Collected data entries
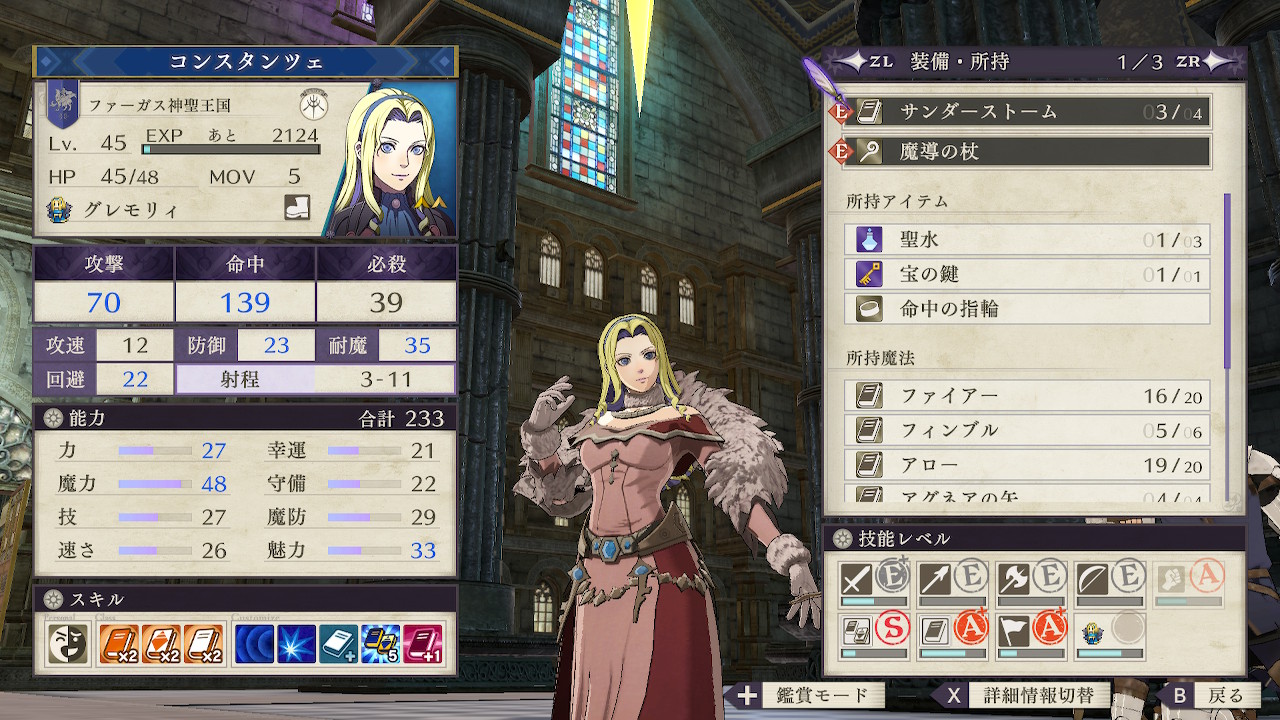 コ ンスタンツェは終盤までバトルシスターとして運用してましたが、最終盤では遠距離兵器が増えることからサンダーストームとレスキューの重要性が高まるほか、格闘での攻撃は敵からの反撃を考慮すると敵が強くなるほど使いにくくなるため、グレモリィに転身
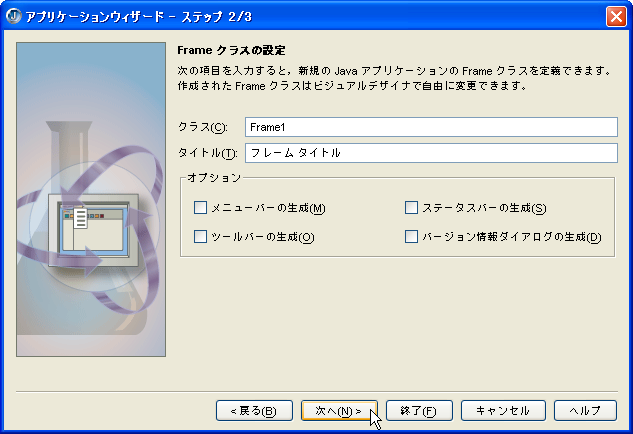 3ウィザードの2番目のダイアログボックスが出てきます。ここでの「クラス」が後で重要な名前になります。とりあえず既定値の「Frame1」のままにし、ここでは何もせずに「次へ」をクリックします。
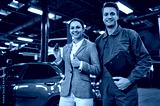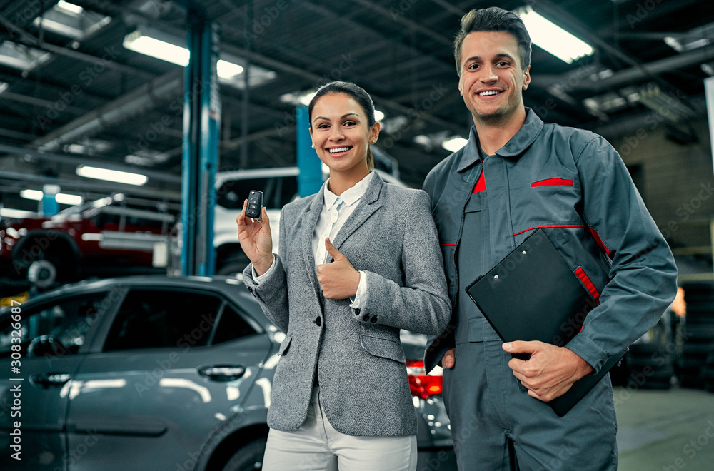 Beautiful businesswoman with keys shows thumb up and auto service mechanic with documents. Car repair and maintenance.
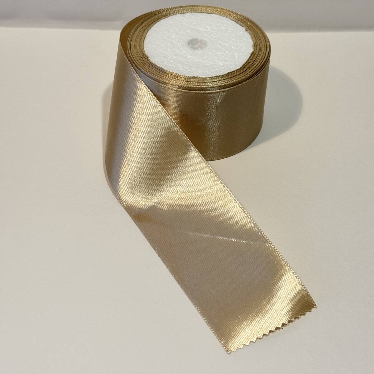 - 【カット売り:50cm単位】新品未使用分 50mm幅 両面サテンリボン ゴールド 金茶 クラフト ラッピング ヘア小物 コスプレなどに
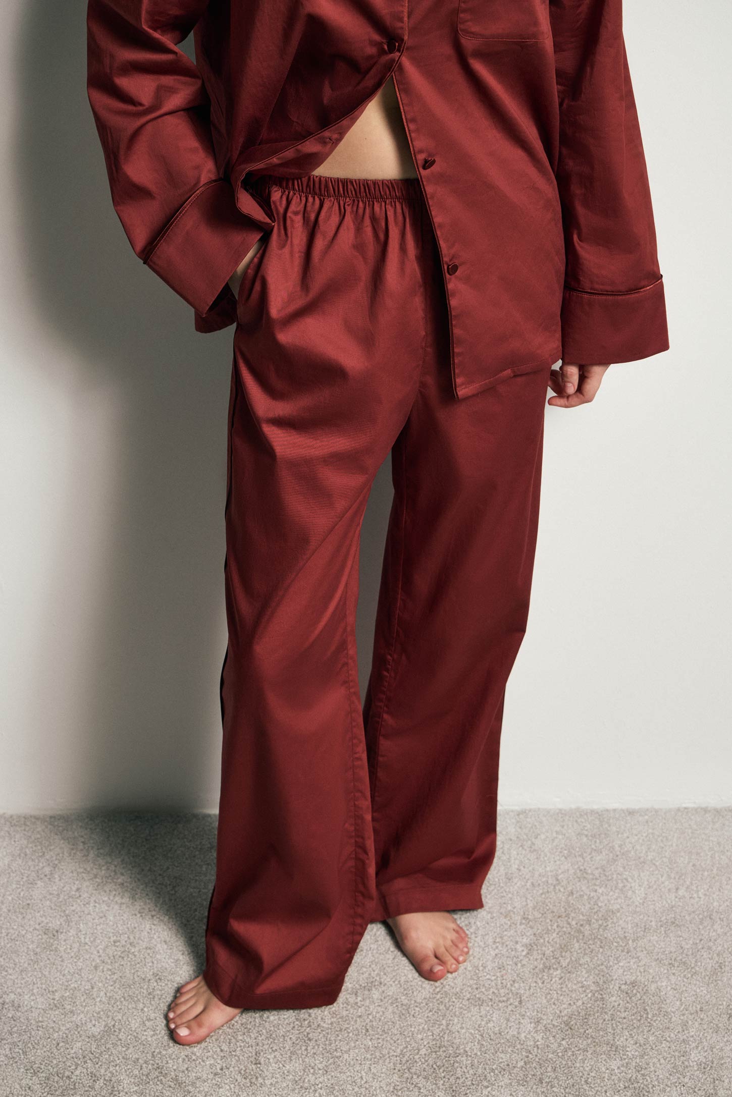 Пижамные брюки прямого силуэта с посадкой на линии талии. Пояс на мягкой резинке обеспечивает комфортную посадку изделия на разные типы фигур. Модель разработана с карманами в боковых швах. Брюки декорированы контрастным кантом по боковым швам.
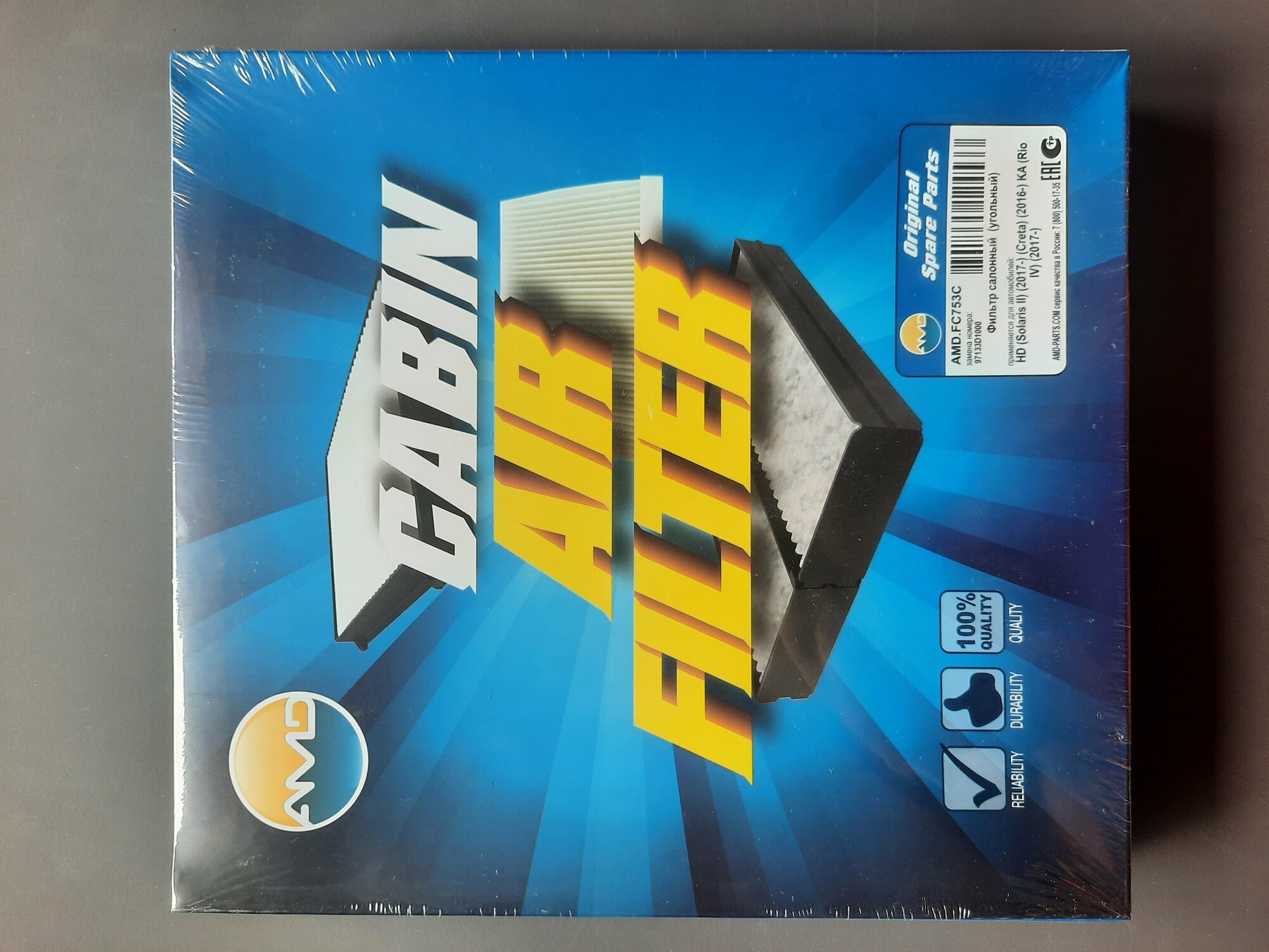 Купить Фильтр салонный угольный 97133-D1000 AMD.FC753C для HYUNDAI Solaris II 2017- Creta 2016- KIA Rio IV 2017- Seltos 2020-
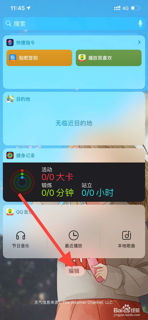 手机桌面拖到最左边一页,点击下面的编纂按钮。

● WHAT IS NEEDED: Reproduce the records exactly, starting with their first line and ending with the line that contains "- 【カット売り:50cm単位】新品未使用分 50mm幅", though pictures should be dropped.

● EXERCISE OUTPUT:
 コ ンスタンツェは終盤までバトルシスターとして運用してましたが、最終盤では遠距離兵器が増えることからサンダーストームとレスキューの重要性が高まるほか、格闘での攻撃は敵からの反撃を考慮すると敵が強くなるほど使いにくくなるため、グレモリィに転身
 3ウィザードの2番目のダイアログボックスが出てきます。ここでの「クラス」が後で重要な名前になります。とりあえず既定値の「Frame1」のままにし、ここでは何もせずに「次へ」をクリックします。
 Beautiful businesswoman with keys shows thumb up and auto service mechanic with documents. Car repair and maintenance.
 - 【カット売り:50cm単位】新品未使用分 50mm幅 両面サテンリボン ゴールド 金茶 クラフト ラッピング ヘア小物 コスプレなどに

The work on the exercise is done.